See http://trac.sagemath.org/12719 for details.
  line = f(line, line_number)
CPU times: user 19.23 s, sys: 0.06 s, total: 19.29 s
Wall time: 19.81 s
sage: s(p[2,2])
s[1, 1, 1, 1] - s[2, 1, 1] + 2*s[2, 2] - s[3, 1] + s[4]

This speaks for it being a Mac problem. (No, I don't have one to test.)

Seeing that there really seem to be two separate issues here, can we get the current patch into beta1 without waiting for the Mac issue to be resolved? I am scared of working with Sym now...

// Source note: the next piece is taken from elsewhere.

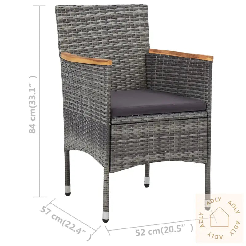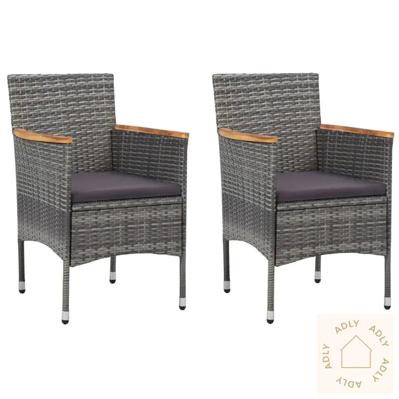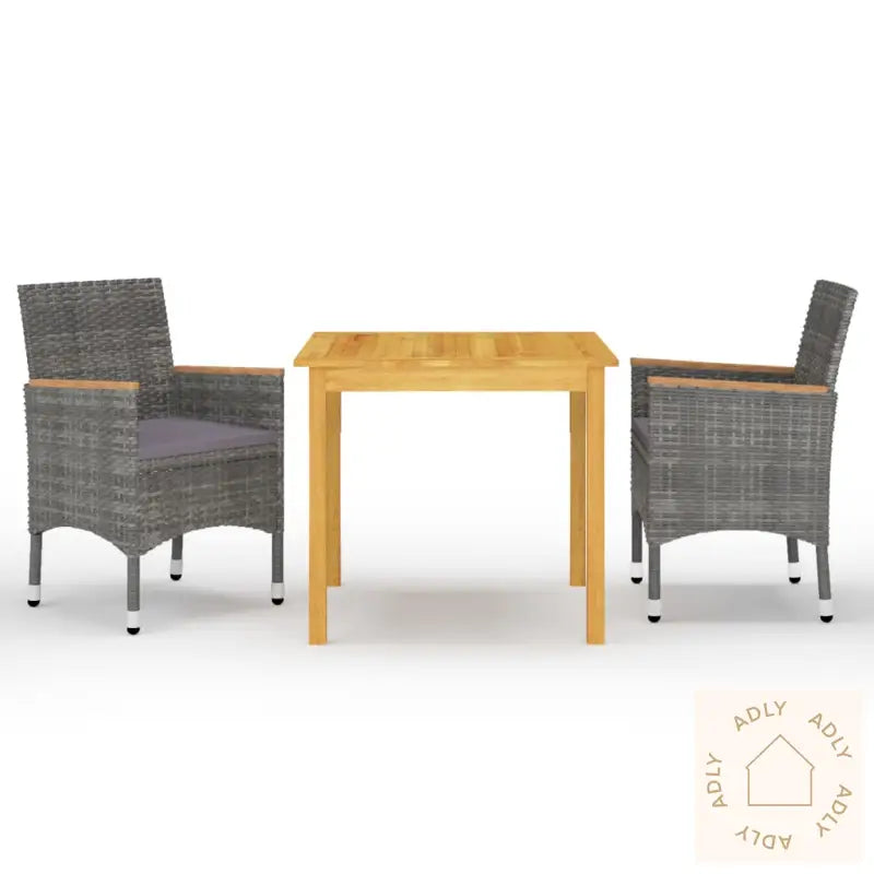 Bord:Materiale: oljebehandlet heltre akasieMål: 85 x 85 x 74 cm (L x B x H)Stol:Farge: gråFarge pute: mørkegråMaterialer: PE (polyetylen) rotting, pulverlakkert stål, heltre akasie med naturlig oljefinishMål stol: 52 x 57 x 84 cm (B x D x H)Mål sete: 39/44,5 x 46 cm (B x D)Høyde armlene: 62/65 cmMål ryggstøtte: 38/45 x 53 cm (B x H)Tykkelse setepute: 4 cmMontering kreves: jaLeveransen inneholder:1 x bord2 x stoler2 x puter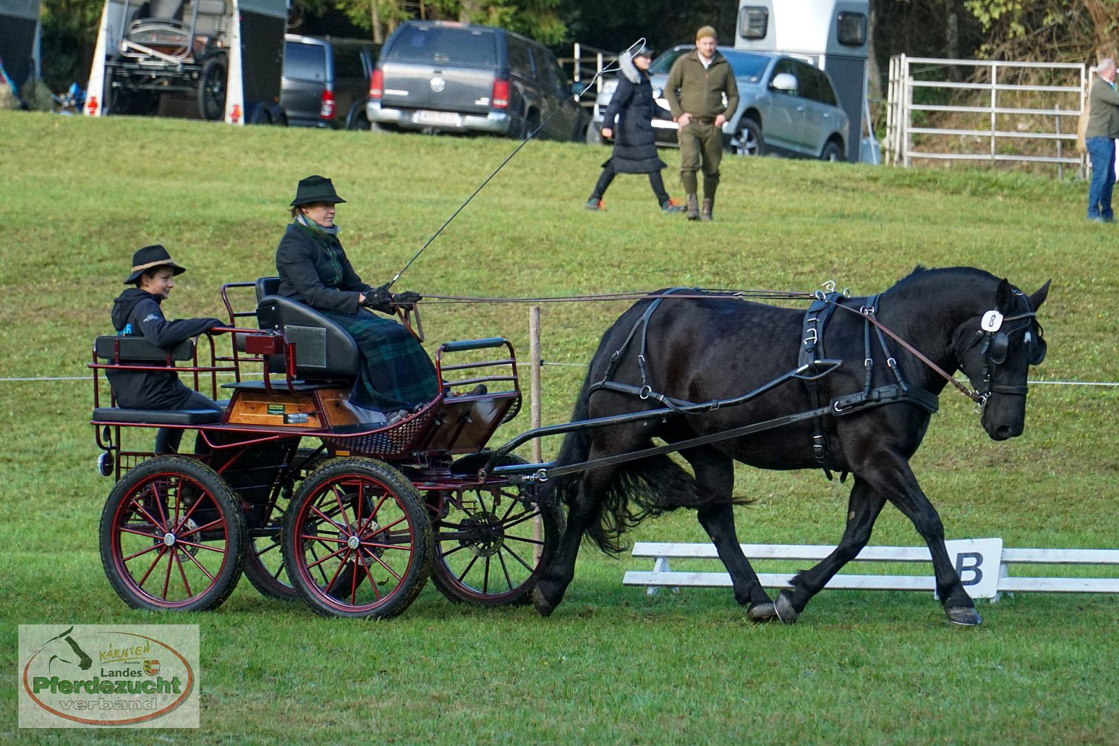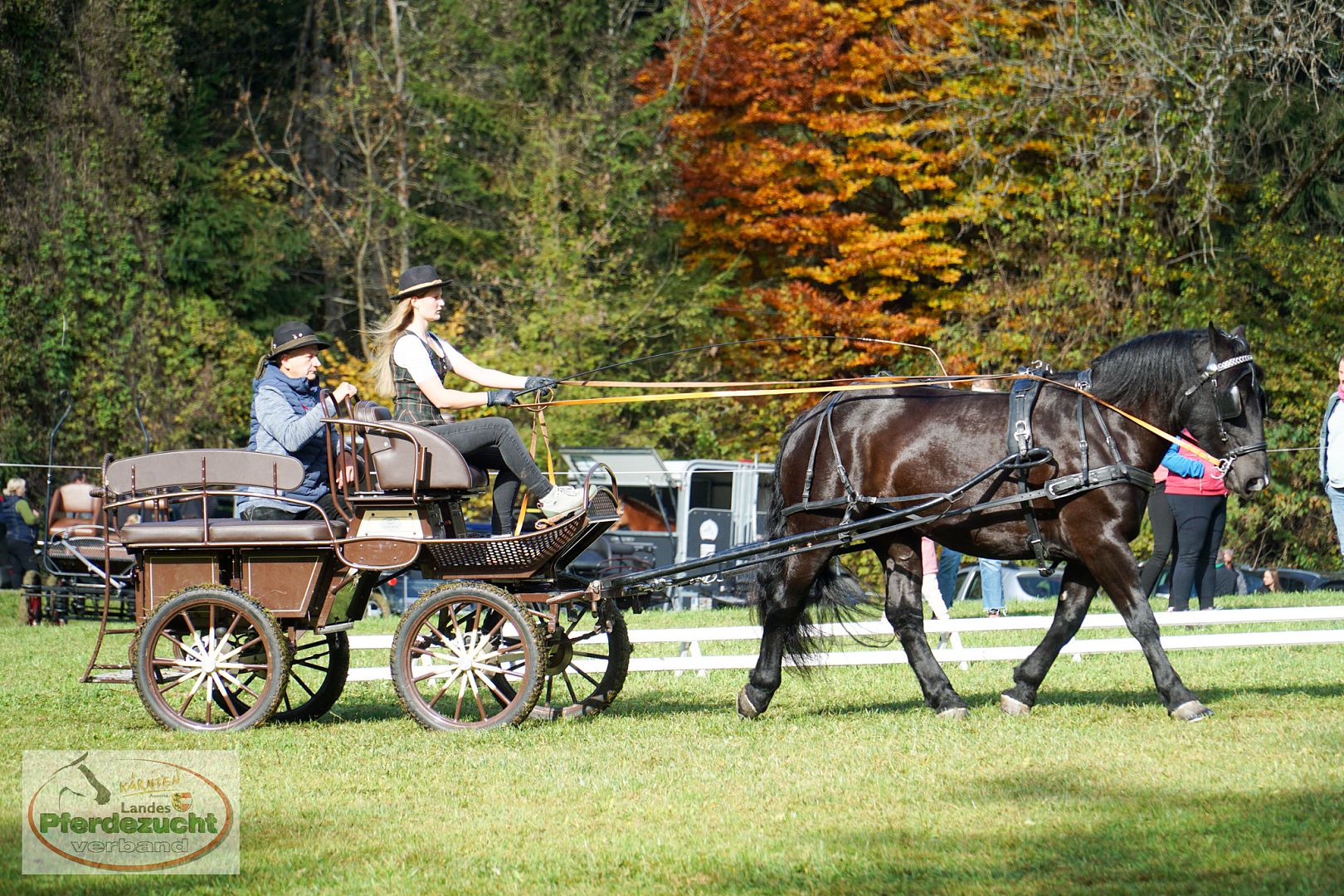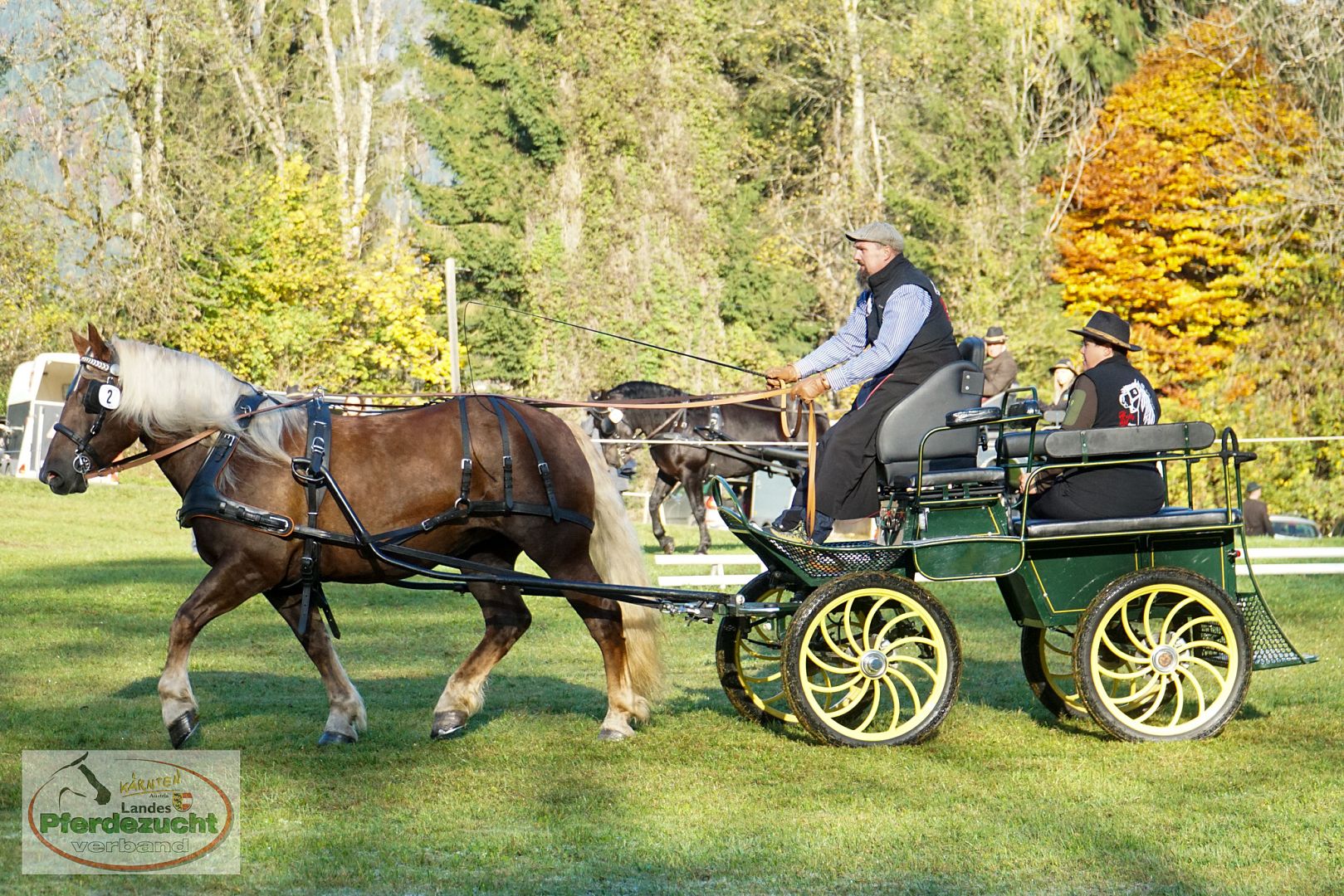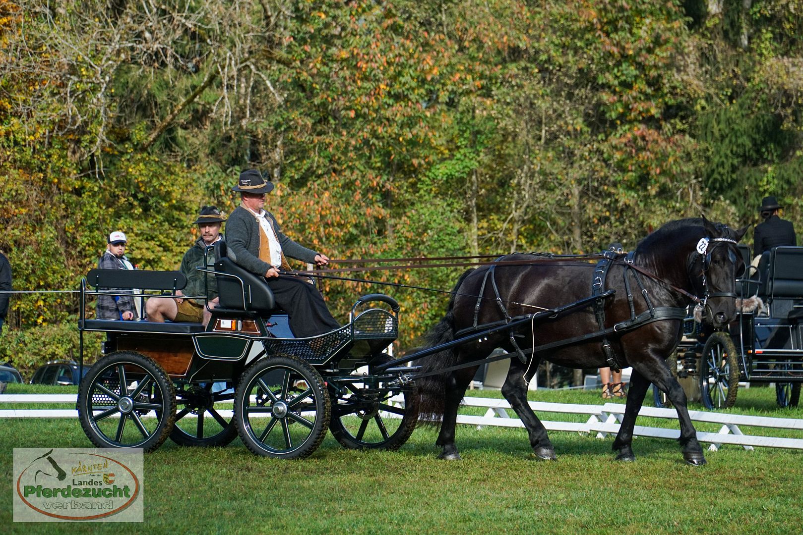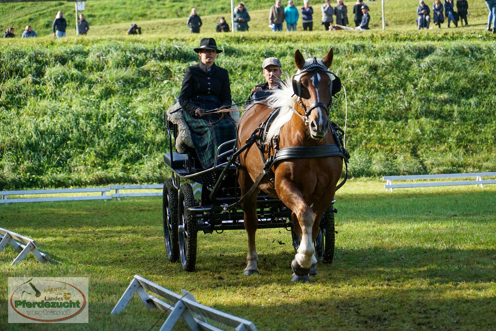 Die Siegerschärpe bei den Haflingern ging heuer ebenfalls nach Kötschach-Mauthen. Die BGM Burgstaller & Lamprecht absolvierte heuer mit ihren Pferden ein straffes und äußert erfolgreiches Programm. Den krönenden Abschluss schenkte ihnen aber ihre dreijährige Stute Lamina nach Prämienhengst Neugold aus der Lakrima gezogen. Die Landesschauteilnehmerin 2025 holte sich bei der heurigen Weltausstellung im Juni schon die Schauklasse 1a und bei der ARGE Haflinger Bundesjungstutenschau im September die Schauklasse 1b. Lamina stammt aus der Zucht von Werner Glantschnig, Obervellach und steht im Besitz der BGM Burgstaller und Lamprecht, Kötschach-Mauthen. Sie wurde von Marina Kalt sehr gut unter dem Sattel vorgestellt – vor allem die Rittigkeit dieser Stute wurde hervorgehoben. Eindrucksvoll war aber auch die Präsentation vor der Kutsche, am Kutschbock Peter Ladstätter. Mit viel Aufrichtung, Fleiß und sehr schwungvoll zeigt sie sich hier. Mit dieser Vorstellung erreichte dieses Team die Höchstnote an diesem Tag – 8,64. Arbeitswillig, gelehrig und nervenstark – eine würdige Siegerstute.

EDIT: And to verify that the other issue has been resolved, Exhibit C:

sage: s = SymmetricFunctions(QQ).s()
sage: p = SymmetricFunctions(QQ).p()
sage: %time s(p([1]*36))==sum(StandardTableaux(la).cardinality()*s(la) for la in Partitions(36))
CPU times: user 122.02 s, sys: 0.52 s, total: 122.53 s
Wall time: 129.03 s
True

Many thanks for this, Mike and Jeroen!!